In stretching the lead to three, DeRozan jump-started a seven-point run that gave his San Antonio Spurs just enough of a buffer to hold against the two-time defending NBA champions. He added a trio of free throws down the stretch before Patty Mills hit a clinching three-pointer, and San Antonio beat Golden State 104-92. In his fraught discomfort, away from the organization that drafted and fostered him, DeRozan has found something like peace.
It took five years for DeMar DeRozan to become an All-Star in the NBA. In that time, the two most important events he witnessed were Chris Bosh leaving to join LeBron and Dwyane Wade in Miami and, two summers later, his team trading for Kyle Lowry, the oft-disgruntled yet talented point guard. That first Lowry-DeRozan team lacked the moxie of later editions, but with the pair each starting 79 games and immediately posting career highs across several categories, it was clear something special was brewing above the border.
It is no mistake that DeRozan’s first All-Star appearance, in 2014, coincided with the Raptors’ first playoff appearance since 2008, kick-starting a still-active run of five consecutive postseason showings, the longest in the franchise’s history to date. Next to Lowry, DeRozan flourished, and next to DeRozan, Lowry felt enabled, his fiery nature having found the perfect counter for close games in crunch time.
Here is how that playoff run has gone: a seven-game loss to the 6-seed Brooklyn Nets, featuring old versions of many players you could have found visibly screaming in dunk poses set against neon backgrounds on posters in the early aughts; a sweep at the hands of the Washington Wizards in 2015, which gets more embarrassing by the day; LeBron James in 2016; LeBron James in 2017; LeBron James in 2018.
Something had to change this summer. It wasn’t going to be Ujiri, of course. Lowry had just signed a three-year deal worth $100 million the year prior. DeRozan had signed what was, at the time, the second-biggest deal in NBA history in the free for all summer that was 2016, a five-year contract for $139 million. Yet, DeRozan’s contract and skill set became imminently more movable, particularly after Kawhi Leonard’s people – the term you use for the nondescript bunch of hangers-on who help dictate the course of your career and, therefore, your life in the NBA – made it known that he was no pleased in San Antonio.
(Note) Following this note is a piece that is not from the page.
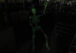 This Whimsical 60" glow in the dark heavy plastic poseable skeleton glows brightly. The photos do not illustrate how brightly he glows. His eyes do not light up. This item is in previously owned, good condition. Please preview.
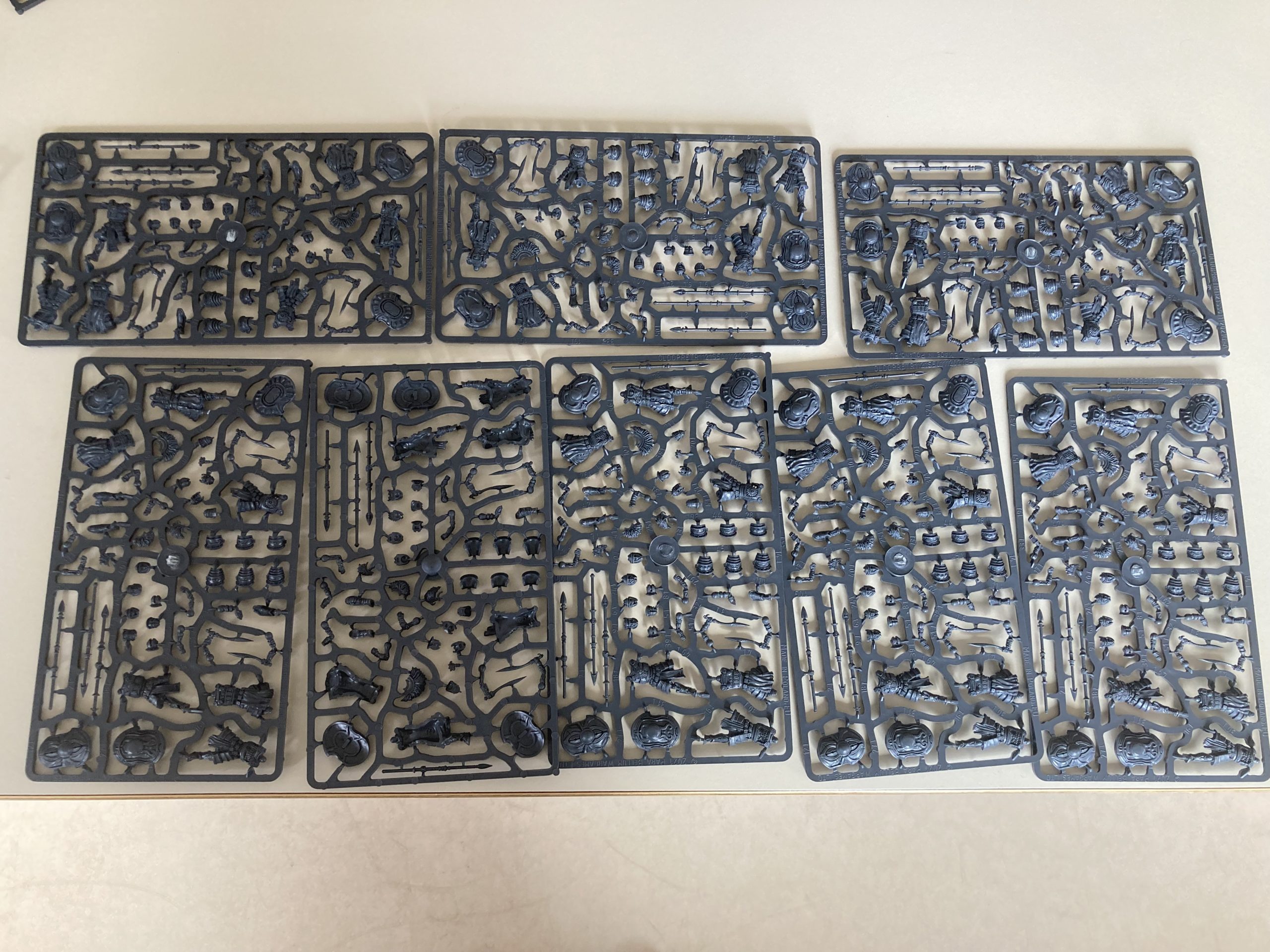 Schauen wir uns zunächst mal die Moroi bzw. die Kehres an. Der Gussrahmen ist wie schon erwähnt 8 Mal in der Box enthalten. Aus jedem Gussrahmen könnt ihr jeweils 3 Modelle bauen. Das heißt ihr kommt auf insgesamt 24 Modelle der Moroi oder der Kehres oder könnt 12 von jeder Variante bauen, was ich Einsteigern definitiv empfehlen würde, wenn man noch nicht weiß, was die Einheiten können und man etwas ausprobieren möchte. Von anderen Zusammenstellungen würde ich bei Last Argument of Kings abraten da die Einheiten immer in 12er Trupps gespielt werden.

So it was that DeMar DeRozan, the Toronto Raptors’ all-time leading scorer, who had proclaimed himself the living embodiment of the capital city of Ontario upon signing his contract, was forced to relinquish his personal international civic enrichment program, abandoning all he had built with Lowry against his will for the vermeiled estate in San Antonio, where his Kobe-influenced midrange game would find a complementary home next to LaMarcus Aldridge, another would-be franchise savior who didn’t stick around.
DeRozan, who learned about the trade in a Jack in the Box parking lot and stayed there for, according to him, two hours in shock, has stood up to the challenge that San Antonio presents, averaging career highs in points, assists and rebounds on 53% shooting. For the team that took the highest frequency of pullup twos last year, per NBA.com, DeRozan has added his own wizardry.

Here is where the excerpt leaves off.